Carson Palmer/John Brown, Arizona Cardinals - Sammie Coates was the easiest sleeper to spot last week, just ask every single fantasy analyst that felt the need to take a victory lap after his big game (whispers: if everyone called it, it isn't that impressive that you did too). Coates' 72-yard touchdown that New York let up in Week 5 was the fifth score the Jets allowed on a pass over 20 air yards, a league-high. The team gave up a 40-plus yard reception in every game this season thus far. Brown is one of the NFL's fastest receivers and is the primary deep threat outside for the Cardinals, with Michael Floyd trailing Jaron Brown in snap share each of the last two games.

Best contrarian plays

Lamar Miller, RB, Houston Texans - It's now or never for Lamar Miller. The Texans' prized free agent addition entered Week 5 holding an NFL record 106 touches without scoring. He got nine touches in a blowout loss to Minnesota and still didn't score following that. The Colts should provide a final chance to get back on track for Miller. Indianapolis gives up the seventh-highest yards per carry (4.63) to running backs, four touchdowns and 30 targets to the positon. His team is favored to win at home; it's all there for Miller from an outlook perspective.
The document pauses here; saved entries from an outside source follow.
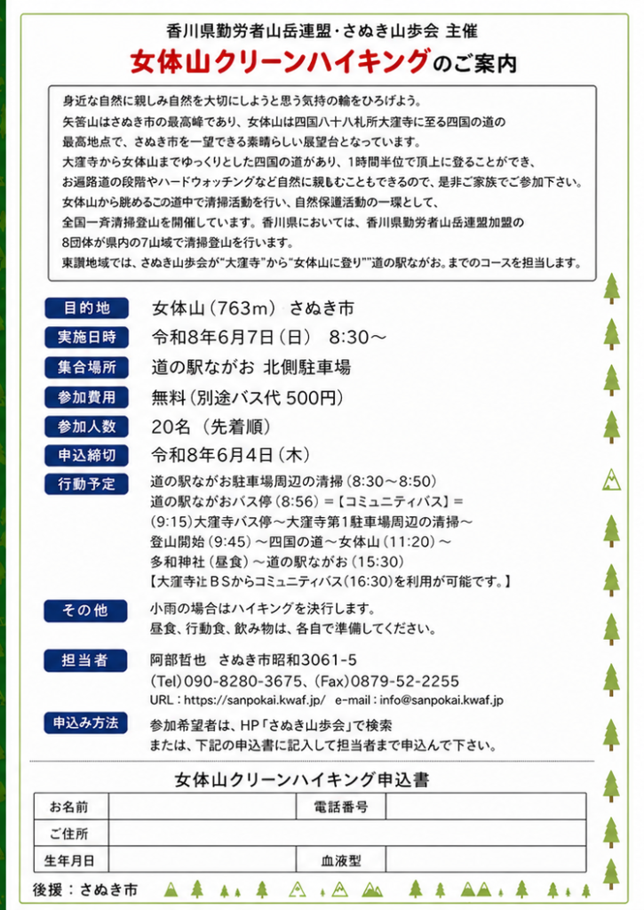 2026年6月7日女体山クリーンハイク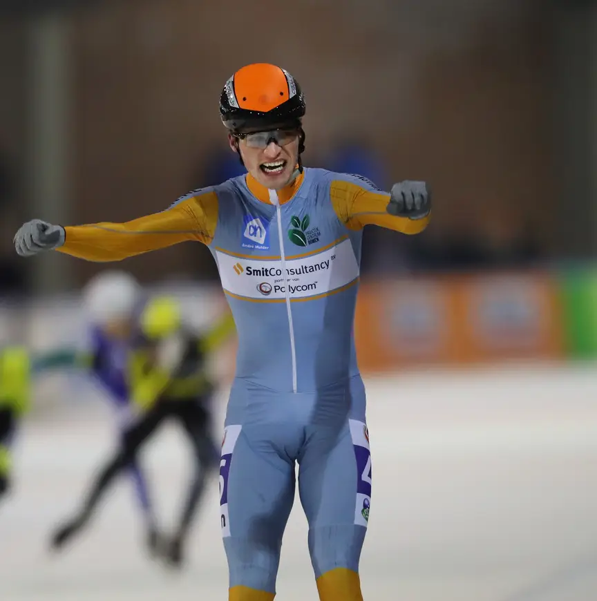 Het was in De Scheg de laatste doorstroomwedstrijd, waardoor er geen punten te verdienen waren voor het klassement. Kevin Hoekstra neemt daardoor het oranje leiderspak mee naar de finale in Amsterdam.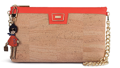 Pochette beige e bordo in pelle arancione, tracolla dorata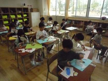 図工で自分の好きなものの絵をカードにかきました。今日は色画用紙に貼って作品を仕上げました。学習参観で掲示しますので、ぜひご覧ください。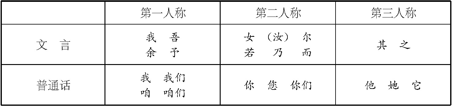 第二,代词基本上更换了。下边将常见的文言代词和普通话加以比较: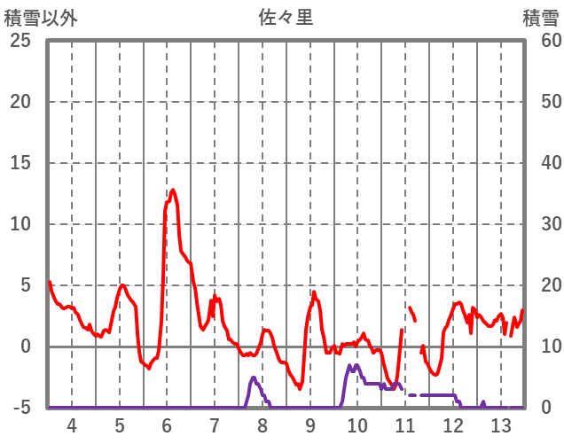 | 日 | 時 | 気温 | 降水 | 風向/風速 | 日照 | 積雪 | 降雪 |
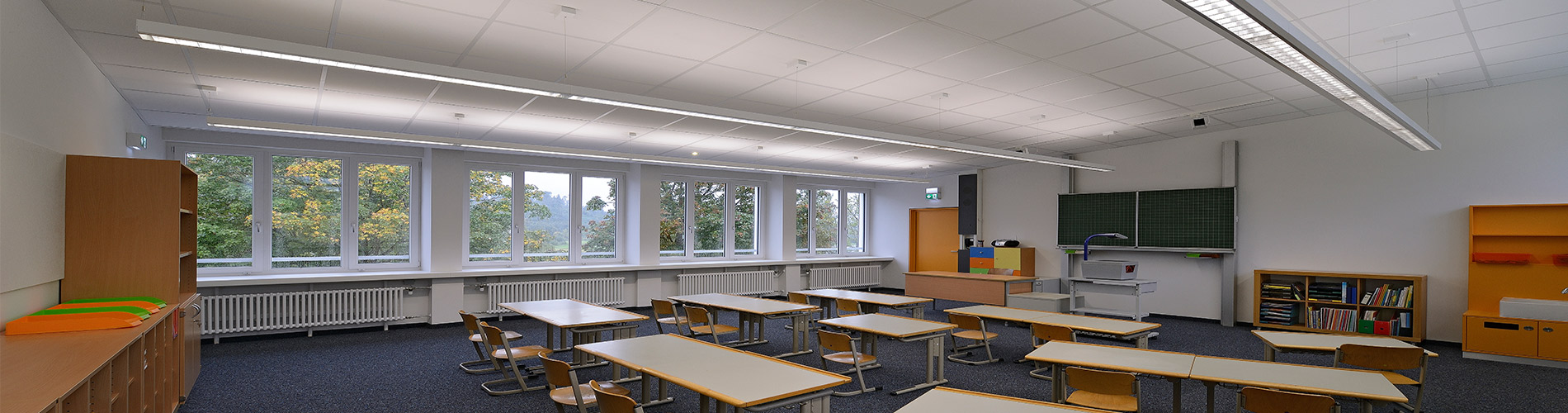 The Tafertingen Primary School in Germany features both OWA Sinfonia and OWA Aqua Cosmos Mineral Fibre Ceiling tiles. These tiles provide a modern, clean face pattern and a durable finish. Both tiles offer premium acoustic qualities and are ideal for large education spaces.

He will be low-owned due to his own disappointing performance and the tremendous projections for top running backs like DeMarco Murray, Le'Veon Bell and other top running backs.

Zach Miller, TE, Chicago Bears - Much of the attention gets paid to the, shall we say, confusing Bears wide receiver situation. Yet, Zach Miller sits on a cool 182 yards and three touchdowns since Hoyer took over the job three weeks ago. He figures to be a low-owned, value play at tight end as long as Hoyer starts.

Best obvious play

DeMarco Murray, RB, Tennessee Titans - Cleveland has the 22nd run defense in the NFL, per Football Outsiders' DVOA and ranks 30th in time of possession per drive. Opposing teams get a ton of opportunities to run at them once they gain a lead and Cleveland fails to post a challenge. DeMarco Murray's 23.4 touches per game rank third behind only Le'Veon Bell and Ezekiel Elliott. This is another prime spot for the veteran back.

Players to fade

Chiefs running backs - I hate to be the "let's see it first" guy, as it's often lazy analysis. Yet, if anyone thinks they know how this backfield split will go, that's strong guesswork by you. It's a prime matchup and both Spencer Ware and Jamaal Charles' values are depressed, but avoid that siren song. This situation is a clear fade until we actually have a clue as to how they split the workload.

The near 100 percent exposure player

Christine Michael, RB, Seattle Seahawks - Christine Michael is a workhorse. He's handled a whopping 45 touches over the last two games while Thomas Rawls sat out. The Falcons are an ideal matchup for opposing running backs, as not only do they allow 4.24 yards per carry, but they're tied for second in the NFL in receptions allowed to running backs. The Seahawks are a heavy home favorite in what could be a messy weather game. That all points back to a top-five running back finish for Michael, who has strangely gone under-discussed this week.

Cheat code of the week

Kamar Aiken, WR, Baltimore Ravens - In one of the worst calls of the fantasy season, I believed Kamar Aiken would sustain the momentum he had last season and be the Ravens leading receiver. That was epically wrong, as Aiken has just six catches for a lowly 28 yards this year. However, with Steve Smith doubtful and Mike Wallace questionable, this could be Aiken's chance to once again get back into the rotation. We know Aiken has ability as he performed admirably as the Ravens top wideout in relief duties last year posting over 900 yards on 127 targets. Aiken plays 62 percent of his snaps in the slot this year and the Giants allowed well over 300 receiving yards out of the slot the last three weeks and helped Randall Cobb get back on track in Week 5 with his first 100-yard game since November 2015.